**Data section**
[Start of Attachment]

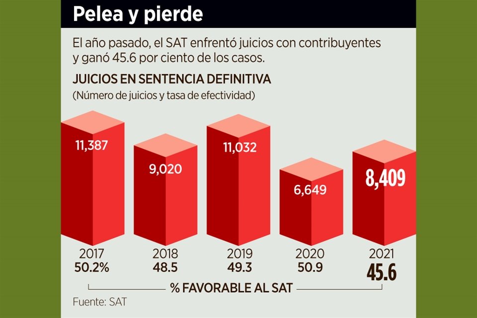 Del total de juicios que el Servicio de Administración Tributaria (SAT) enfrentó contra contribuyentes durante 2021, perdió 54.4 por ciento, la mayor proporción de los últimos cinco años.
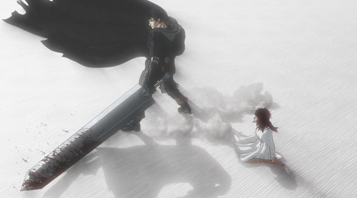 Cette arrivée tonitruante de Guts <3 Toujours avec la musique bien badass qui va avec *o* Et Isidro n’est pas aussi inutile que ce que je ne l’aurais pensé ! Bien au contraire —> Sans lui, Nina et Casca se seraient fait tuer derechef ! Enfin, plutôt Nina vu que Casca dispose de son étrange ange-gardien ._. Je me demande s’il pourrait s’agir de l’enfant né suite au viol perpétré par Griffith… Anyway ! Bon épisode (ça devient une habitude) avec un Guts toujours aussi majestueux (-‸ლ) J’ai cru que Isidro allait lui voler la vedette pendant un court moment mais non xD Guts sauve Casca d’une manière aussi majestueuse que grandiose *o* Allez, la suite !!!
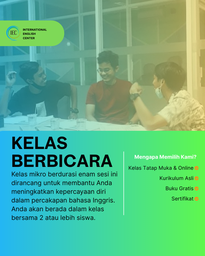 "Program IEC menonjol karena menawarkan pengalaman belajar yang Efektif, Efisien, dan Menyenangkan (EEE), jauh dari teori kaku, dengan fokus utama pada praktik langsung melalui diskusi dan skenario peran, bahkan berpotensi berinteraksi dengan penutur asli. Selain itu, materi pembelajarannya selalu aktual dan relevan, mencakup topik dari budaya pop hingga tren bisnis global, memastikan peserta tidak hanya menguasai tata bahasa, tetapi juga mampu melakukan percakapan yang bermakna."

[End of Attachment]

Copy everything in the listing above exactly except the pictures.

 Del total de juicios que el Servicio de Administración Tributaria (SAT) enfrentó contra contribuyentes durante 2021, perdió 54.4 por ciento, la mayor proporción de los últimos cinco años.
 Cette arrivée tonitruante de Guts <3 Toujours avec la musique bien badass qui va avec *o* Et Isidro n’est pas aussi inutile que ce que je ne l’aurais pensé ! Bien au contraire —> Sans lui, Nina et Casca se seraient fait tuer derechef ! Enfin, plutôt Nina vu que Casca dispose de son étrange ange-gardien ._. Je me demande s’il pourrait s’agir de l’enfant né suite au viol perpétré par Griffith… Anyway ! Bon épisode (ça devient une habitude) avec un Guts toujours aussi majestueux (-‸ლ) J’ai cru que Isidro allait lui voler la vedette pendant un court moment mais non xD Guts sauve Casca d’une manière aussi majestueuse que grandiose *o* Allez, la suite !!!
 "Program IEC menonjol karena menawarkan pengalaman belajar yang Efektif, Efisien, dan Menyenangkan (EEE), jauh dari teori kaku, dengan fokus utama pada praktik langsung melalui diskusi dan skenario peran, bahkan berpotensi berinteraksi dengan penutur asli. Selain itu, materi pembelajarannya selalu aktual dan relevan, mencakup topik dari budaya pop hingga tren bisnis global, memastikan peserta tidak hanya menguasai tata bahasa, tetapi juga mampu melakukan percakapan yang bermakna."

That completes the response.